> **RAW DATA**
__________
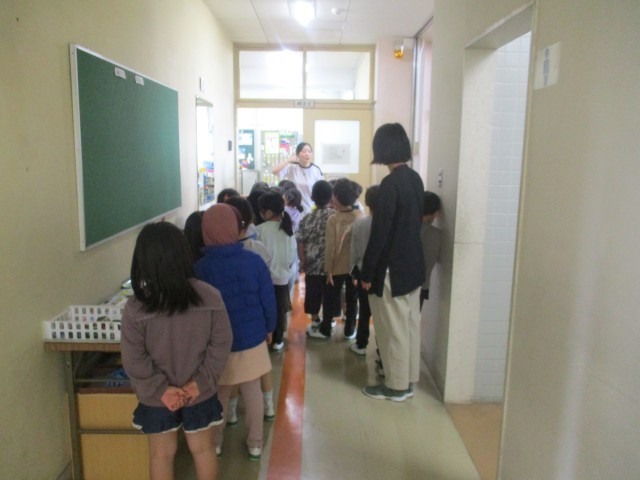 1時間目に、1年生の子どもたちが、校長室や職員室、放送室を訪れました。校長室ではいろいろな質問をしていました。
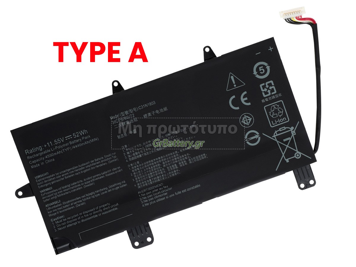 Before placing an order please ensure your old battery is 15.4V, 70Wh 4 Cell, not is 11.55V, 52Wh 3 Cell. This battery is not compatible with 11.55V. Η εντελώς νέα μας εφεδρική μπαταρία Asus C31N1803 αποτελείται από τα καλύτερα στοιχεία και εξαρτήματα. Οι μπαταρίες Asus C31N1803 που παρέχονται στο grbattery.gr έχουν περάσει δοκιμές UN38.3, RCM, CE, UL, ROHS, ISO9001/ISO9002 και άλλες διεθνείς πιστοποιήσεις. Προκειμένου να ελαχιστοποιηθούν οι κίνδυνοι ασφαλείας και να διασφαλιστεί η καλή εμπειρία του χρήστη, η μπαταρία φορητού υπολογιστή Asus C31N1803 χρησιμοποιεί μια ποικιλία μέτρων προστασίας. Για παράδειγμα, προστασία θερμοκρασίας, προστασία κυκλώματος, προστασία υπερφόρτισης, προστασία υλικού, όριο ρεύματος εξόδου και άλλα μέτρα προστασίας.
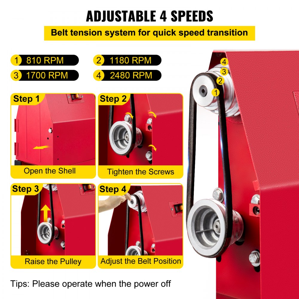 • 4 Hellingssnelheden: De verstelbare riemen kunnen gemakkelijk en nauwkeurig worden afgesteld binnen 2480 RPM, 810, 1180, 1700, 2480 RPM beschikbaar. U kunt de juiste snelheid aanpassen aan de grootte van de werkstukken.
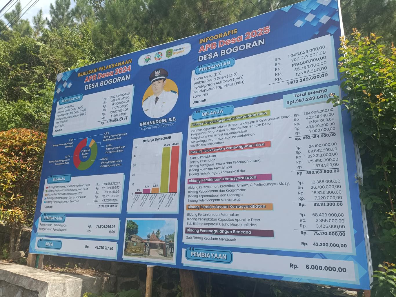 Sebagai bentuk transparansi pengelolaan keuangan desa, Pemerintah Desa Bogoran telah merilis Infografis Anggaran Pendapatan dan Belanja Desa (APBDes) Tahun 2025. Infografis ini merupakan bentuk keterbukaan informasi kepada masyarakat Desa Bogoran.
__________
The lines from the one containing "van de werkstukken." through the last line above are to be repeated exactly, and only those. Any pictures must be left out.

> **OUTPUT OF THE TASK**
 • 4 Hellingssnelheden: De verstelbare riemen kunnen gemakkelijk en nauwkeurig worden afgesteld binnen 2480 RPM, 810, 1180, 1700, 2480 RPM beschikbaar. U kunt de juiste snelheid aanpassen aan de grootte van de werkstukken.
 Sebagai bentuk transparansi pengelolaan keuangan desa, Pemerintah Desa Bogoran telah merilis Infografis Anggaran Pendapatan dan Belanja Desa (APBDes) Tahun 2025. Infografis ini merupakan bentuk keterbukaan informasi kepada masyarakat Desa Bogoran.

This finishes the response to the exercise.